Immediately after taking over the reins of the state, he stated he would formulate a new regional plan to replace the draconian 2011 plan. He formed a task force and appointed some of the best Goan planners on the committee to formulate the new regional plan 2021 and then set about dismantling the same. Health and educational projects were kept out of the purview, suggestions by various gram sabhas and village groups were not included, eco-tourism zones made a back door entry into regional plan. The government also delayed in providing genuine documentation to the committee so as to delay the process and give opportunity to builders and developers to continue destruction of Goa’s hills and beach belt and replace it with concrete jungle thereby vitiating the entire process of planning and forcing members of the committee to resign in a huff. Thus, to replace the 2011 version of regional plan was not hard decision as it done with huge element of insincerity and deceit by taking into confidence and forming a parallel coterie of architects of the same plan and providing expert planners with distorted data.

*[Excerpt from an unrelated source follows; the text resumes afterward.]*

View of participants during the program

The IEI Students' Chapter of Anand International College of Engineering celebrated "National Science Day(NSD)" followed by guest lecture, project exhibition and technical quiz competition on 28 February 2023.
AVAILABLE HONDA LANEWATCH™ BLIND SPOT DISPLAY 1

Digambar Kamat will complete his term as chief minister of Goa, nonetheless the rape of Goa’s natural beauty continues unabated. If he was genuine about his concern for Goa, Aldeia de Goa project would not be completed. This project is a deep wound on Goan hills which will never heal and more such have been allowed in various parts of Goa, the latest being in Chicalim. Raheja’s project in Carmona is another example of destruction of our land and rivers. Let us not forget that Raheja’s had also been allotted huge tracts of land to set up SEZ.

Coming to Special Economic Zones (SEZ). Chief minister Kamat also promised to do away with SEZs in the state the moment he took over in 2006. On eve of new year of 2008 he scraped all the SEZs in the state and said that it was a gift to the Goans. However his government’s intentions were not very clean because SEZ policy was scraped a year later after scraping of SEZ. In between Goa government in written correspondence to Union government had stated the state cannot accept SEZ in the present form. Which means chief minister and his comrades in arms had hopes of bringing in SEZ in a different form.

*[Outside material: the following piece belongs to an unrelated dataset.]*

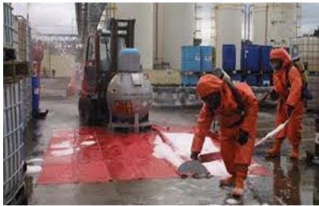
Fig.1. Intervention at an objective risk of major accidents involving dangerous substances

The modular concept of the experimental model is characterized by:
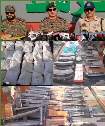
Army personnel display arms and drugs recovered after foiling an infiltration bid in Kupwara

On 23 June 2023, Jammu and Kashmir's police announced that four terrorists were neutralised in Kala Jungle of Machhal sector, Kupwara. This victory was the result of a joint operation by Indian armed forces and police.

If at all the SEZs have been driven away from Goa, it is not because of the efforts of the Digambar Kamat led government but because of the case filed in the court by the NGOs, wherein they proved to the court that huge tracts of land was allotted to the promoters by skirting the law and violating the procedures for acquisition and allotment. Incidentally most of the godfathers for the SEZ promoters in Goa happen to the ministers of the previous government led by former chief minister Pratapsingh Rane.

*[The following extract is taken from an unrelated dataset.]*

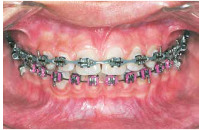
Figure 4 - Effect of crown mesialization induced by elastomeric chain.

Diastema relapse is quite often on maxillary anterior area. 10,24,26,27 Some authors reported that space reopening might be associated with an inappropriate root positioning at the end of treatment. However our results showed no difference between stable and unstable groups in central and lateral incisor angulations when compared in each initial, final, post-retention stages. In conclusion, this demonstrates that no association between space reopening and mesiodistal angulations was found.
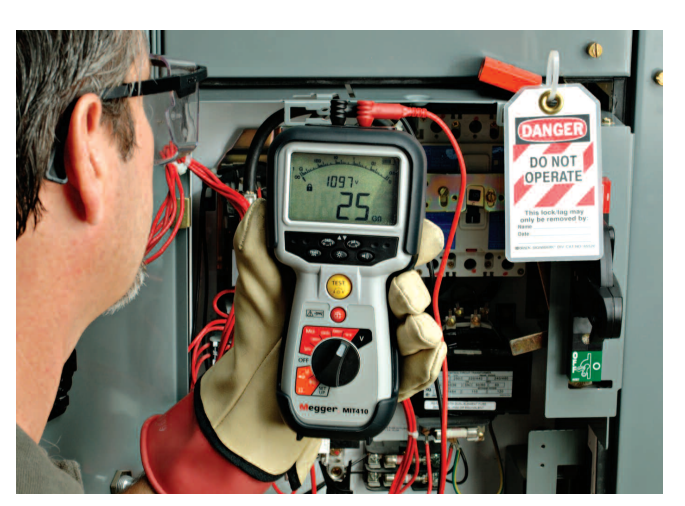
Panelboard testing is faster, easier and safer with the new MIT400 Series.

Then comes the illegal mining issue that has rocked assembly proceedings so many times. For the last more than three years, opposition leader Manohar Parrikar has been raking this issue. He has gone to the extent of stating that half of the ministers in the Digambar Kamat cabinet are allegedly involved in illegal mining. Why has the chief minister who also holds the Mining portfolio not challenged him to prove it. This indicates there is truth in it. If so why has he not put an end to it. Such rampant destruction would really not be in the interest of the state.

Then comes the Medium of Instruction issue. Because of assembly elections were closing in the government gave in to the demands of the parents wanting English as one of the languages of MOI. As of today it is lying before the High Court while the managements of the schools do not have a clue in which language to instruct. Did the chief minister study the legal implication before allowing parents to make a choice of language. If so why can it not explain to the court and urge for an urgent disposal, so as to allow school management and children to get on with the syllabus in the language of their choice.

Since the last four years Goa has been in the news for all the wrong reasons. Various police officers have been allegedly involved in drug trade, fake currency, improper investigation, dereliction of duty. What the government has done is just suspended them. Why has the chief minister not seen to it that departmental enquiries are conducted in a time bound manner and the officers dismissed from service instead of burdening the state exchequer by paying the disgraced officer part salary.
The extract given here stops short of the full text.